Accessing the HD Face properties

Let’s now get to the funny part. Every facial characteristic is a property of the Face class. Every facial point is expressed as a CameraSpacePoint (X, Y, and Z values).

var eyeLeft = face.EyeLeft;
var eyeRight = face.EyeRight;
var cheekLeft = face.CheekLeft;
var cheekRight = face.CheekRight;
var nose = face.Nose;
var mouth = face.Mouth;
var chin = face.Chin;
var forehead = face.Forehead;

Insanely easy right? Here’s the result:

Vitruvius Kinect HD Face

Even if you need to access the entire collection of vertices (more than 1000 points), Vitruvius has got you covered:

var vertices = face.Vertices;

Yeah, the result is really creepy! Don’t try it home alone!

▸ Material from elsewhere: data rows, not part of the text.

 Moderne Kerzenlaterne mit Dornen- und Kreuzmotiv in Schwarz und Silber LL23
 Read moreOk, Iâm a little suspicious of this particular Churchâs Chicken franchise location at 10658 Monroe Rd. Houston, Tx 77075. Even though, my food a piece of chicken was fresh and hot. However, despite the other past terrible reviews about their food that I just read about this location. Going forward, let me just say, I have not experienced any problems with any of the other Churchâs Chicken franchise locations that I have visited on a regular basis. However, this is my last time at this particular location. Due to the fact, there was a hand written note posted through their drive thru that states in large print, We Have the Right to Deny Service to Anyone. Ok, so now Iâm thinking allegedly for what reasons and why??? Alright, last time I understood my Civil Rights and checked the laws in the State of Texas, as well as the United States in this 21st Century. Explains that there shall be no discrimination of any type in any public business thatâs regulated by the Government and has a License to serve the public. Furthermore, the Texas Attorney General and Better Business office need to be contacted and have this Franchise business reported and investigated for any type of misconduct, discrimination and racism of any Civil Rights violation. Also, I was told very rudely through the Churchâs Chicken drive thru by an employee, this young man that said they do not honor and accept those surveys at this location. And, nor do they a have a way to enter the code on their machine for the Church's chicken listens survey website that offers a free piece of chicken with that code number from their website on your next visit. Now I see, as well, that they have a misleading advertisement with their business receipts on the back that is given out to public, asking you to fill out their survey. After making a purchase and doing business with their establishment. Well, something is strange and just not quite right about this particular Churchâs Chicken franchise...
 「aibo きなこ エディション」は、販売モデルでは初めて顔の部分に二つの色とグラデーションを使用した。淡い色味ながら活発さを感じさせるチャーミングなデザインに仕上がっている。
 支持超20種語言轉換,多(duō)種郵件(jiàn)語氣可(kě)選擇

Vitruvius Kinect HD Face Vertices

Accessing the HD Face methods

What if you need to know more about the points that form each facial feature? For example, what if you need to get the outline of the eyes or the mouth? For such purposes, the Face class includes the following methods:

var eyeLeftOutline = face.EyeLeftPoints();
var eyeRightOutline = face.EyeRightPoints();

This is the result of drawing the contour of each eye, after calling the EyeLeftPoints() and EyeRightPoints() methods:

Vitruvius Kinect HD Face Outlines

Converting from 3D to 2D coordinates

Accessing the HD Face features as a list of CameraSpacePoints gives you all the information about the 3D coordinates. To display those points in the 2D screen space, though, you’ll need to convert the 3D coordinates into 2D coordinates.

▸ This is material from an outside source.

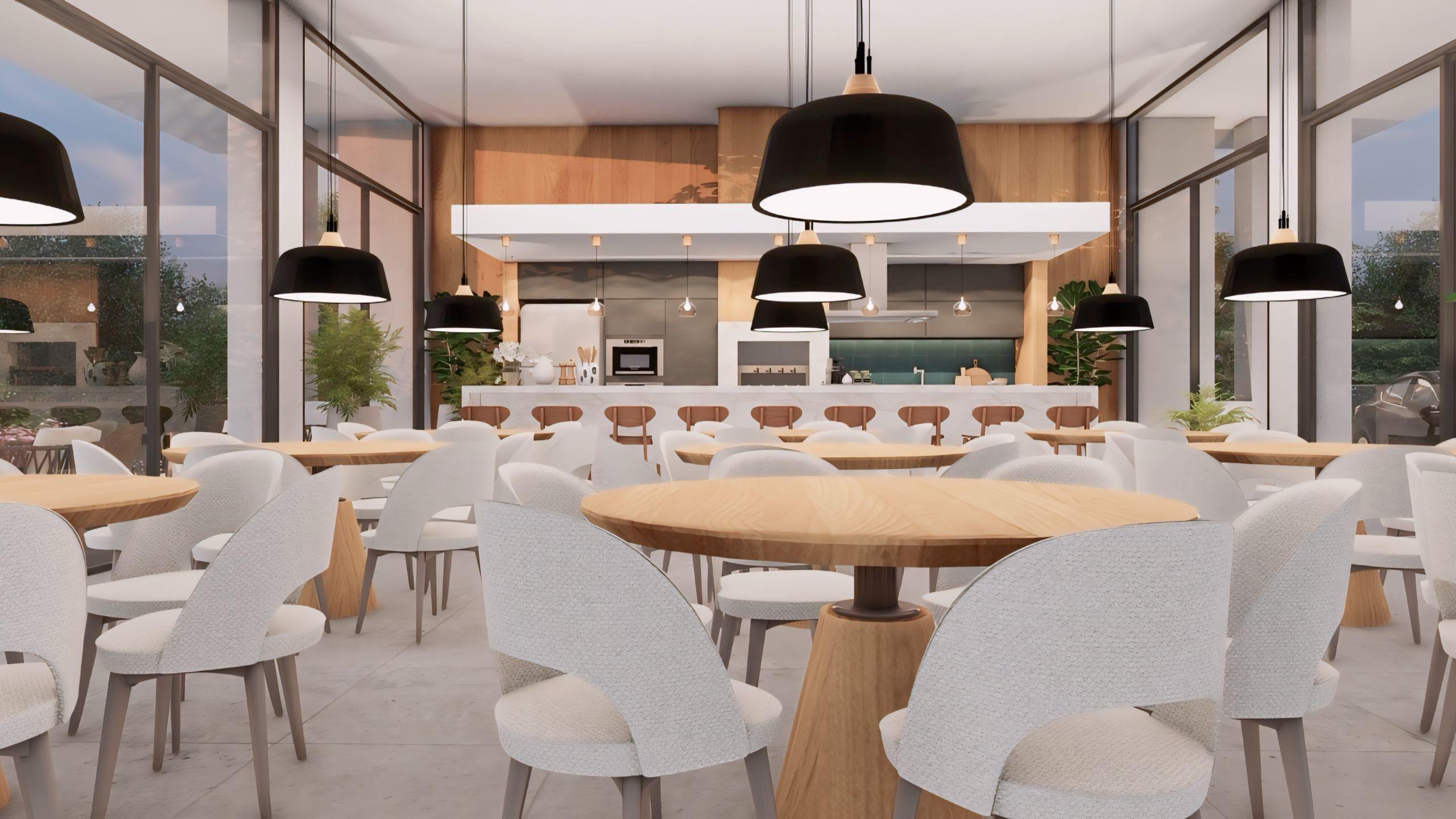 Área Social com Espaço Gourmet e Academia, com vista exuberante para o bosque e para o Playground.

Kinect uses the CoordinateMapper class to convert between coordinates from different spaces. The Color space is an array of 1920×1080 pixels. The Depth & Infrared space is an array of 512×424 pixels. Vitruvius simplifies the coordinate mapping process with the handy ToPoint() method.

Converting from the 3D space to the Color space:

var nosePoint = face.Nose.ToPoint(Visualization.Color);

Converting from the 3D space to the Depth or Infrared space:

var nosePoint = face.Nose.ToPoint(Visualization.Depth);

Using the coordinate mapping process, you can now display the points on screen using Unity or XAML.

Supported platforms

Vitruvius HD Face supports the following platforms and frameworks:

  • Unity3D
  • WPF / .NET 4.5+
  • Windows Store

Frequently Asked Questions

Finally, let me shed some light to a few topics almost every Kinect developer needs to know about.

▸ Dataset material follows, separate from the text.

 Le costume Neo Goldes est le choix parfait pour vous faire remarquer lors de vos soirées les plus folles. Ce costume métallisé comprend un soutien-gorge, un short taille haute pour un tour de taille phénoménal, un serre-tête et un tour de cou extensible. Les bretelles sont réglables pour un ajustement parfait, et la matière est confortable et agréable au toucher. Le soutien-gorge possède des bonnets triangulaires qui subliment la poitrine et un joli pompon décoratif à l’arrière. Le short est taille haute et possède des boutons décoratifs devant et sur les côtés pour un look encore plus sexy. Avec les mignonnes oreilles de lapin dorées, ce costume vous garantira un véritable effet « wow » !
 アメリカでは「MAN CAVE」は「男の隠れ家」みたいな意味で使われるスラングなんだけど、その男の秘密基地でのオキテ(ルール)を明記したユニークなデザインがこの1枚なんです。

1) What is the optimal distance from the sensor?

The sensor can accurately track a face between 40 centimeters and 2 meters. For best results, the optimal distance is 60-90cm.

2) What is the optimal rotation angle?

Kinect Face tracking works best when you are facing the sensor directly (enface). However, the tracking algorithm is pretty decent even if you rotate your head up to 50 degrees to the left or right. Face tracking won’t work if your head is rotated e.g. 90 degrees to one side.

3) What about the lighting?

As mentioned above, Kinect face tracking is strongly relying on the Color stream. As a result, the room should have a decent amount of lighting. Also, you need to avoid pointing laser beams directly to the sensor.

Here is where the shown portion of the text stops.